(SOURCE MATERIAL)

»»

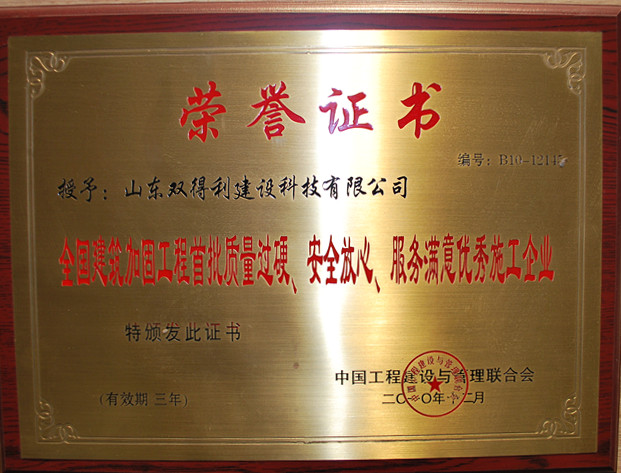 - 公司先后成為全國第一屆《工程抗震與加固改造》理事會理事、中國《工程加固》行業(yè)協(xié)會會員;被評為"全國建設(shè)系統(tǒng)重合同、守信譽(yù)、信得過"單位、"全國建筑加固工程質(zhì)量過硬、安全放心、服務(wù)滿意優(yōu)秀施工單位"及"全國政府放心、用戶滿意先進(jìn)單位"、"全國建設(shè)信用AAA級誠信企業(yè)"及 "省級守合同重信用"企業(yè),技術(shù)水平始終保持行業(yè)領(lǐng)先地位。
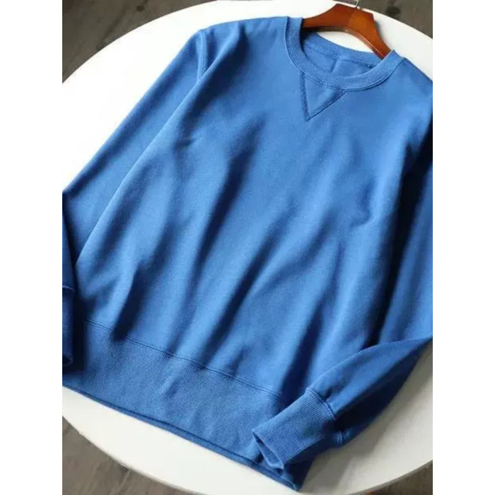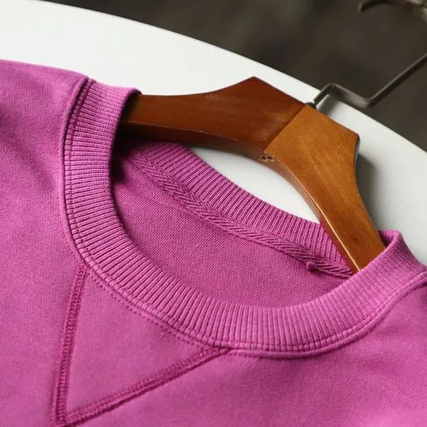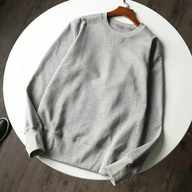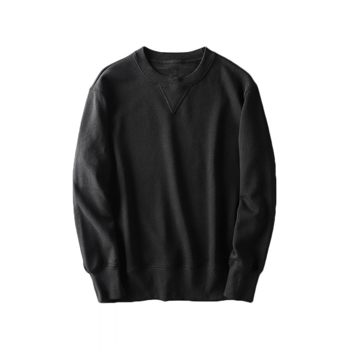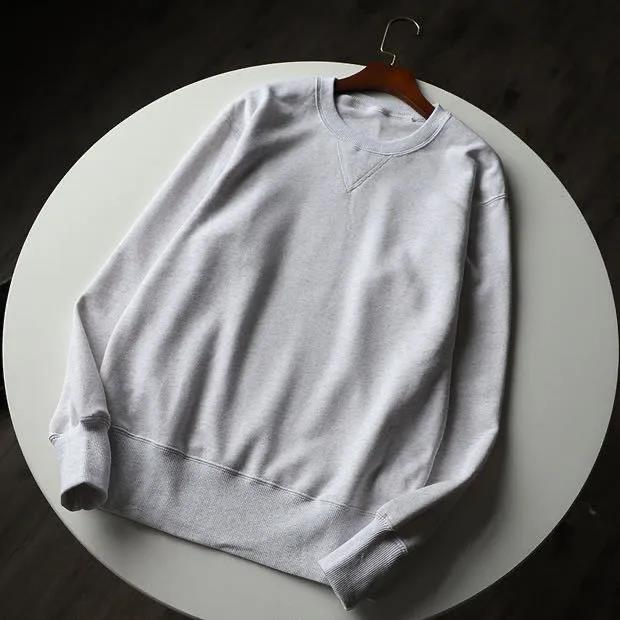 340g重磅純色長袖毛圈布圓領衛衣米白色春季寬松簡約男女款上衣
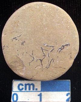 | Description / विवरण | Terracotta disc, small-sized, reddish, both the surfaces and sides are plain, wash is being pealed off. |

««

(TO DO)
Each line from the one holding "340g重磅純色長袖毛圈布圓領衛衣米白色春季寬松簡約男女款上衣" through the final line of the data needs to be transcribed exactly. Include both ends, skip the pictures, and add nothing.

(SOLUTION TO THIS EXERCISE)
 340g重磅純色長袖毛圈布圓領衛衣米白色春季寬松簡約男女款上衣
 | Description / विवरण | Terracotta disc, small-sized, reddish, both the surfaces and sides are plain, wash is being pealed off. |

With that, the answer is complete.